**SOURCE RECORDS:**
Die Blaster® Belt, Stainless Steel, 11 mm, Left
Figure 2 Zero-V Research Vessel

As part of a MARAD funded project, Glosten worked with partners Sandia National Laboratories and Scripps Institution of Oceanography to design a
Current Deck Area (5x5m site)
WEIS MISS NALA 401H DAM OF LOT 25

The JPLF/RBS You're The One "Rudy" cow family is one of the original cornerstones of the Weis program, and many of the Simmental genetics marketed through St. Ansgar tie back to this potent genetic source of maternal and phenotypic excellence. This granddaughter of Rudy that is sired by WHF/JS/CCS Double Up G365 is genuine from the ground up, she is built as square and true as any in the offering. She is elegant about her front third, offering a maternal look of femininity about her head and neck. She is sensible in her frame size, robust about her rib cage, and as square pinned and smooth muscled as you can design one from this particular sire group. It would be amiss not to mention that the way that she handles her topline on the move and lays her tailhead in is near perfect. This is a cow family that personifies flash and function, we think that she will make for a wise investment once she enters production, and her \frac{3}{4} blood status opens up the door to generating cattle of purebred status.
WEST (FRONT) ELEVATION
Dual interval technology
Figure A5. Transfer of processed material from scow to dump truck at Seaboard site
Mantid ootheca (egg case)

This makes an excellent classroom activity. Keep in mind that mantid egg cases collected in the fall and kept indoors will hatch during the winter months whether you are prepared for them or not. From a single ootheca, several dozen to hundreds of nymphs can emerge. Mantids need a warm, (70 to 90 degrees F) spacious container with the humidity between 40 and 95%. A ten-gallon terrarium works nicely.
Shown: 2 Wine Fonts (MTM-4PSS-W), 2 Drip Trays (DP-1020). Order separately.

--

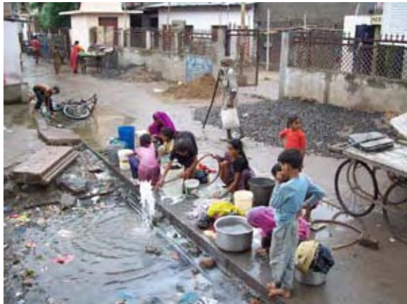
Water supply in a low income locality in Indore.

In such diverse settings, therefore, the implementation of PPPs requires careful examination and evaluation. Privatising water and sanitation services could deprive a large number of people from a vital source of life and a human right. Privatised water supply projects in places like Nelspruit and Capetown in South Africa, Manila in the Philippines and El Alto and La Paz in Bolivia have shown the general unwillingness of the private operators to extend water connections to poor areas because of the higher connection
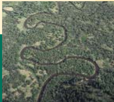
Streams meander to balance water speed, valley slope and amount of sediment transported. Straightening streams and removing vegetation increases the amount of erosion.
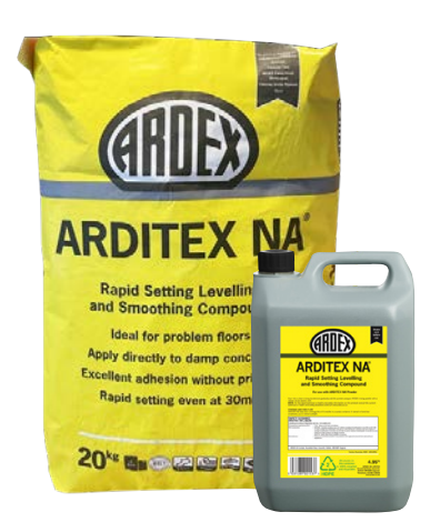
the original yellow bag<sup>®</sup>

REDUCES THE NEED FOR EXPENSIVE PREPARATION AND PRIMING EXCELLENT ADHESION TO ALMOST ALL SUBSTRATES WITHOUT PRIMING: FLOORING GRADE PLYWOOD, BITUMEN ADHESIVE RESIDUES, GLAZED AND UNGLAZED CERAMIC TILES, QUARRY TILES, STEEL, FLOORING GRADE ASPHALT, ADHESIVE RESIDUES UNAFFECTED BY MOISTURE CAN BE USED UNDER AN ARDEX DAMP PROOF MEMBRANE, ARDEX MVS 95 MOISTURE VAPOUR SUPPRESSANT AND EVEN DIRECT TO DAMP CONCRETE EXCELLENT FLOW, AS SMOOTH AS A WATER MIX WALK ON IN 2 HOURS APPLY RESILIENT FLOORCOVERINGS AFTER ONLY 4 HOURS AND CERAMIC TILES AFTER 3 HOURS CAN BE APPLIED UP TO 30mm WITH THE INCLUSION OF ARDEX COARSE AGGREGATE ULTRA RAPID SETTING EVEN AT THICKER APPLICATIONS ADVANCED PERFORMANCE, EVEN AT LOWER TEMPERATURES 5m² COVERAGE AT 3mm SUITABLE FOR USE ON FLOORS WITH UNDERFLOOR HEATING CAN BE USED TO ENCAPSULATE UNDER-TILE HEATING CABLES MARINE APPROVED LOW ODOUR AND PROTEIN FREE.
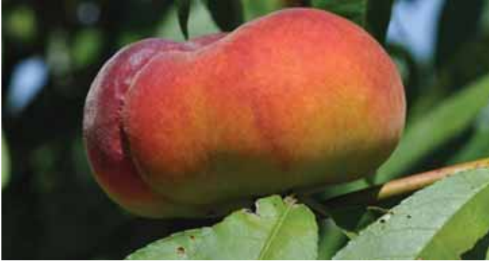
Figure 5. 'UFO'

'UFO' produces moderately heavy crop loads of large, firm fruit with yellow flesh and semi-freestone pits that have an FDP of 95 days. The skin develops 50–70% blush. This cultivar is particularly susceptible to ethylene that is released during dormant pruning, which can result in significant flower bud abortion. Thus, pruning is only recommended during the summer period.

**TASK:** Keeping every character as it is, restate the lines above that run from the line with "Figure A5. Transfer" through the line with "Shown: 2 Wine", both included, and nothing else.

**RESULT:**
Figure A5. Transfer of processed material from scow to dump truck at Seaboard site
Mantid ootheca (egg case)

This makes an excellent classroom activity. Keep in mind that mantid egg cases collected in the fall and kept indoors will hatch during the winter months whether you are prepared for them or not. From a single ootheca, several dozen to hundreds of nymphs can emerge. Mantids need a warm, (70 to 90 degrees F) spacious container with the humidity between 40 and 95%. A ten-gallon terrarium works nicely.
Shown: 2 Wine Fonts (MTM-4PSS-W), 2 Drip Trays (DP-1020). Order separately.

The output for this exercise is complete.